**Items from a dataset:**
============
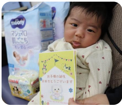
▲モデルになってくれた赤ちゃん

今回は、イメージモデルとして、市民の方にご協力いただき、写真を撮らせていただきました。
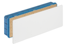
V70009 - UP-Abzweigdose 479x154x70mm
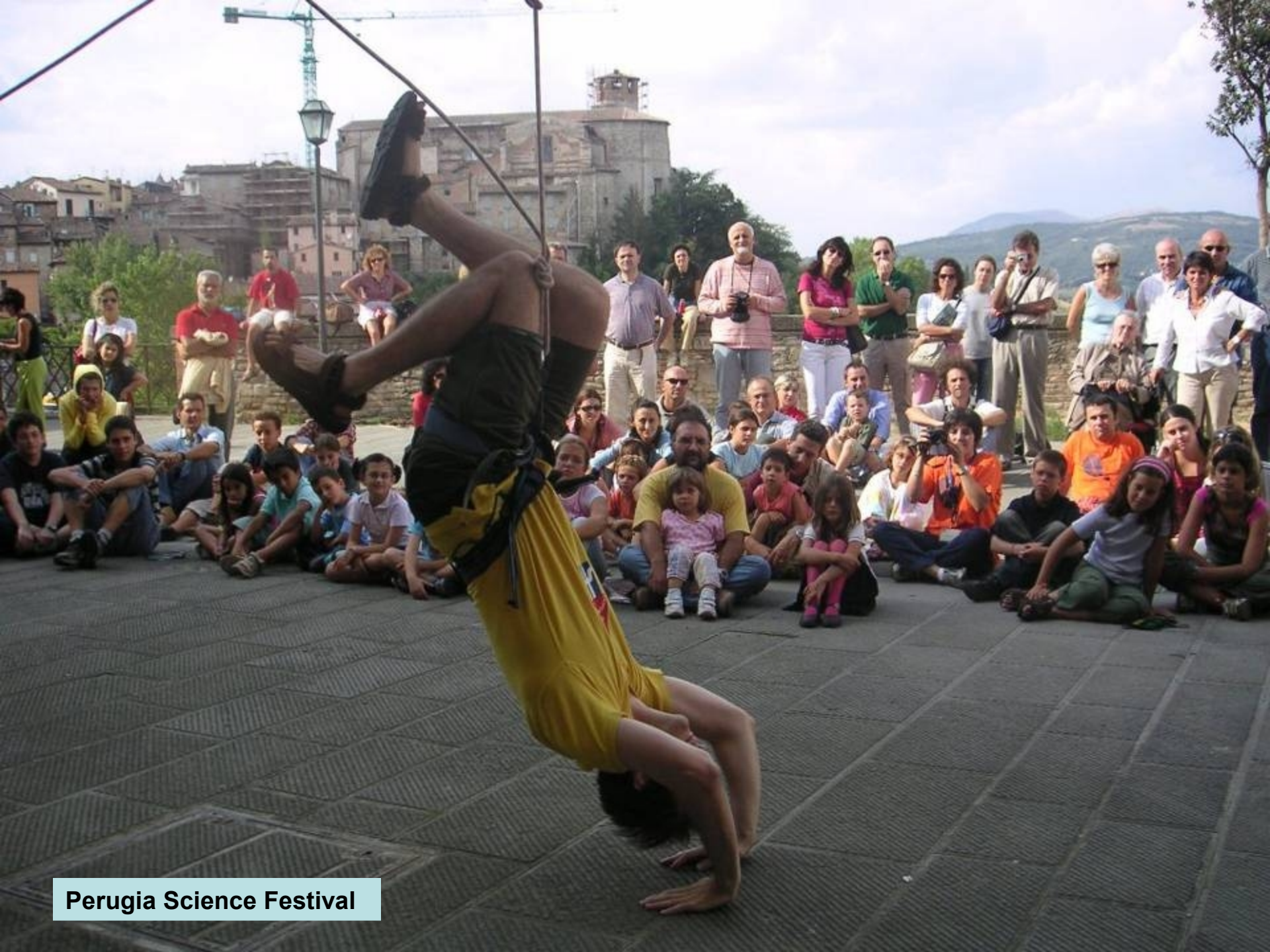
Perugia Science Festival
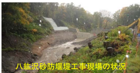
点検した施設とその点検結果（H26.10.15実施）
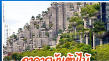
อาคารพันต้นไม้อาณาจักร TIAN AN 1000 TREES
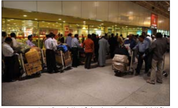
خطة المنافذ تعتمد على تحقيق انسيابية في المغادرة والوصول

عبر خطة لتسهيل التنقل ووسط توقعات باستقبال المنافذ لربع مليون شخص
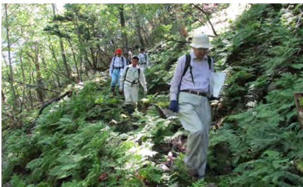
文化庁より猿留山道が国指定文化財に値すると評価

いずれにしても、これら児童生徒への取組を柱に、「いじめは、いつでもどこでも起こり得ること」と捉え、未然防止ときめ細かな指導、対応を通して、「いじめゼロ」を目指してまいります。
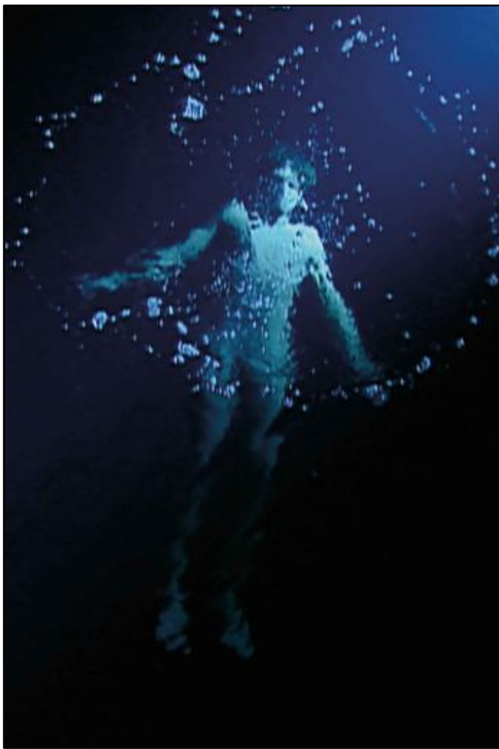
Bill Viola, The Messenger , 1996.

En aquest moviment, la forma del cos es transforma, i en aquesta dissolució es manifesta el seu valor plàstic. Aquest efecte el podem trobar també a les escenes de platja que Sorolla va pintar.
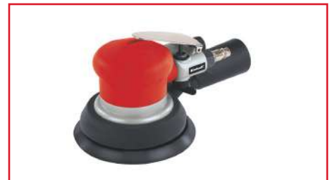
Lijadora Excéntrica DSE 125
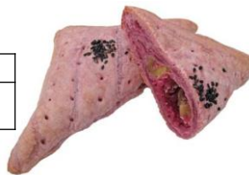
紫芋の三角パイ 114円

鹿児島県種子島産の安納芋の餡を包み、表面にココアパウダーを付けて焼き上げました。
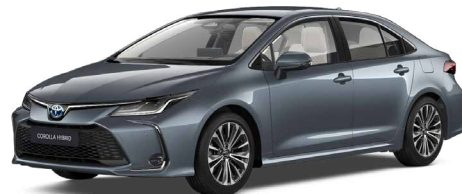
1K3 Szürkéskék metál* 200 000 Ft
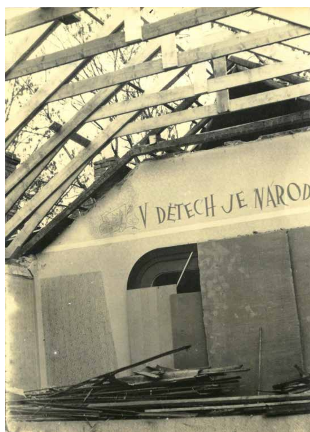
V roce 1958 prošlo divadlo rozsáhlou přestavbou.
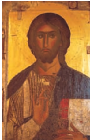
Икона из Византийского музея

Рядом находится Музей национальной борьбы (Mouseio Agonos; открыто: июль — август пн–пт 8.00–
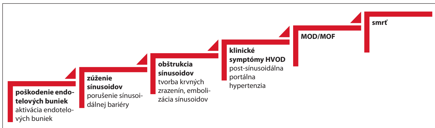
Obr. 1. Patofyziologický proces HVOD.
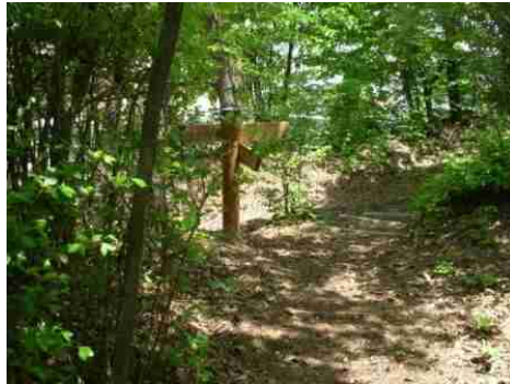
②①の標識を20mほど歩いた地点より撮影しました。正面は見づらいですが一方社さんの敷地です。
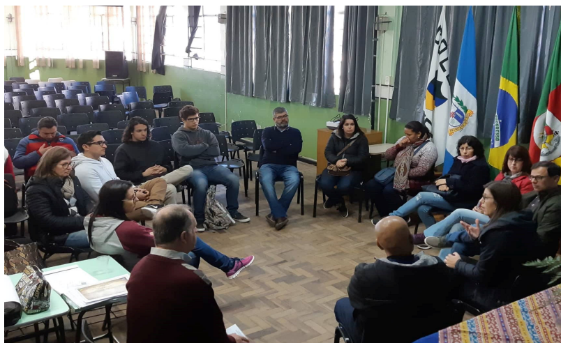
Figura 1 – Roda de conversa com os participantes da oficina.
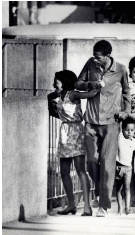
Moradora se despedindo da antiga casa, c. 1970.

A imagem acima mostra o momento em que os últimos moradores carregam os caminhões com seus móveis. Ao fundo, a imagem da Pedra da Gávea e de alguns prédios que fazem parte do Alto Leblon. Dentro da favela, vê-se ainda algumas crianças brincando, enquanto os adultos carregam o caminhão.
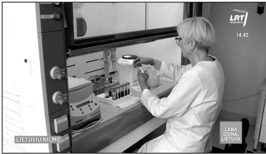
Laboratoriniai tyrimai ...lietuvų kilmei nustatyti.
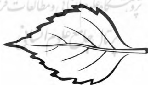
شکل شماره ۱. طرحی از الگوی رگ‌برگی

این شیوه روایت‌گری خداوند بسیار شبیه به رگ‌برگ‌های برگ یک گیاه است. در هر برگ، یک رگ‌برگ اصلی وجود دارد که برگ را به دو فضای مستقل از هم جدا می‌کند. با کمی فاصله گرفتن از ابتدای برگ، یک رگ‌برگ فرعی از رگ‌برگ اصلی به سمت راست جدا می‌شود و کمی جلوتر، یک رگ‌برگ فرعی به سمت چپ جدا می‌شود و بعد از آن دوباره یک رگ‌برگ به سمت راست و رگ‌برگ دیگر به سمت چپ جدا می‌شود و این روند تا انتهای برگ ادامه می‌یابد. در الگوی رگ‌برگی نیز روایت از دو فضای مستقل از هم تشکیل شده است و سیر روایت در هر فضا به صورت مستقل پی‌گرفته می‌شود. در این شیوه روایت‌گری، راوی بعد از پیش بردن بخشی از روایت در فضای اول، سراغ فضای دوم آمده و بخشی از رخداد‌های آن فضا را تبیین می‌کند. بعد از آن دوباره به روایت، در فضای اول باز می‌گردد و با این نظم روایت را تا انتها پیش می‌برد. شکل شماره (۱) طرحی از این الگو را نشان می‌دهد.
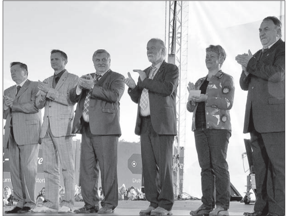
● Делегаты городов-побратимов на праздновании Дня города. 2008 год.
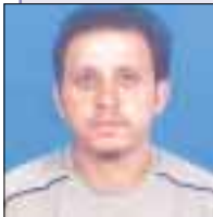
Γράφει ο Φώτης Μελέτης Αναπλ. Γραμματέας ΠΑΣΥΠ/ΔΕΗ

Η προσβλητική συμπεριφορά του σημερινού Αντιπροέδρου της κυβέρνησης Θ. Πάγκαλου με προκλητικές δηλώσεις εναντίον χιλιάδων δημοσίων υπαλλήλων αποδεικνύει περίτρανα το απύθμενο θράσος που διακατέχει τον Υπουργό των Ιμίων και της υπόθεσης Οτσαλάν.
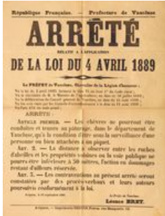
Affiche de l'arrêté portant sur les distances entre les ruches, 1890 (AD Vaucluse 7 M 58)
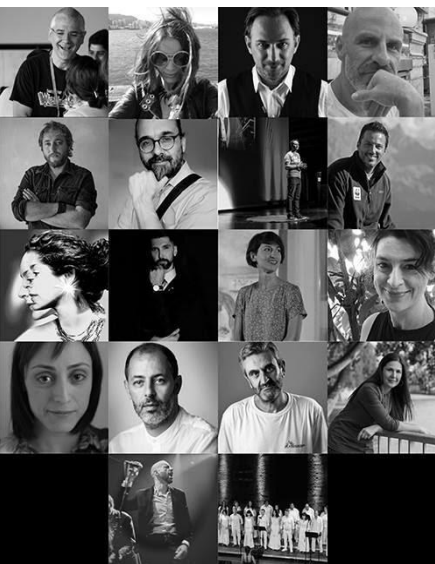
Οι ομιλητές και οι performers.

Κ άθε ιστορική περίοδος διέπεται από διαφορετικές, κάθε κοινωνία αναπτύσσει τις δικές της, κάθε άνθρωπος ή ομάδα ανθρώπων διακρίνεται από συγκεκριμένες. Άλλες αμετάβλητες στον χρόνο, ανθεκτικές και κοινά αποδεκτές. Άλλες μεταλλασσόμενες, ιδιαίτερες ή αμφισβητήσιμες. Ατομικές, κοινωνικές, ανθρωπιστικές, πνευματικές ή άλλες. Το φετινό TEDxPatras συνάντησε και αναμετρήθηκε με τις αξίες. Οι ομιλητές που ήρθαν στην Πάτρα και όλες οι παράλληλες εκδηλώσεις (εργαστήρια, δραστηριότητες, εκθέματα, γαστρονομικές και άλλες εμπειρίες) μας έφεραν πρόσωπο με πρόσωπο το Σάββατο 3 Νοεμβρίου στο Royal Theater με τις «Αξίες» μας.
============
**WORK TO BE COMPLETED:** Nothing but the lines from the start of the records above through the line with "Икона из Византийского музея" should be retyped, each exactly as written; leave out all pictures.

**SOLUTION BELOW:**
▲モデルになってくれた赤ちゃん

今回は、イメージモデルとして、市民の方にご協力いただき、写真を撮らせていただきました。
V70009 - UP-Abzweigdose 479x154x70mm
Perugia Science Festival
点検した施設とその点検結果（H26.10.15実施）
อาคารพันต้นไม้อาณาจักร TIAN AN 1000 TREES
خطة المنافذ تعتمد على تحقيق انسيابية في المغادرة والوصول

عبر خطة لتسهيل التنقل ووسط توقعات باستقبال المنافذ لربع مليون شخص
文化庁より猿留山道が国指定文化財に値すると評価

いずれにしても、これら児童生徒への取組を柱に、「いじめは、いつでもどこでも起こり得ること」と捉え、未然防止ときめ細かな指導、対応を通して、「いじめゼロ」を目指してまいります。
Bill Viola, The Messenger , 1996.

En aquest moviment, la forma del cos es transforma, i en aquesta dissolució es manifesta el seu valor plàstic. Aquest efecte el podem trobar també a les escenes de platja que Sorolla va pintar.
Lijadora Excéntrica DSE 125
紫芋の三角パイ 114円

鹿児島県種子島産の安納芋の餡を包み、表面にココアパウダーを付けて焼き上げました。
1K3 Szürkéskék metál* 200 000 Ft
V roce 1958 prošlo divadlo rozsáhlou přestavbou.
Икона из Византийского музея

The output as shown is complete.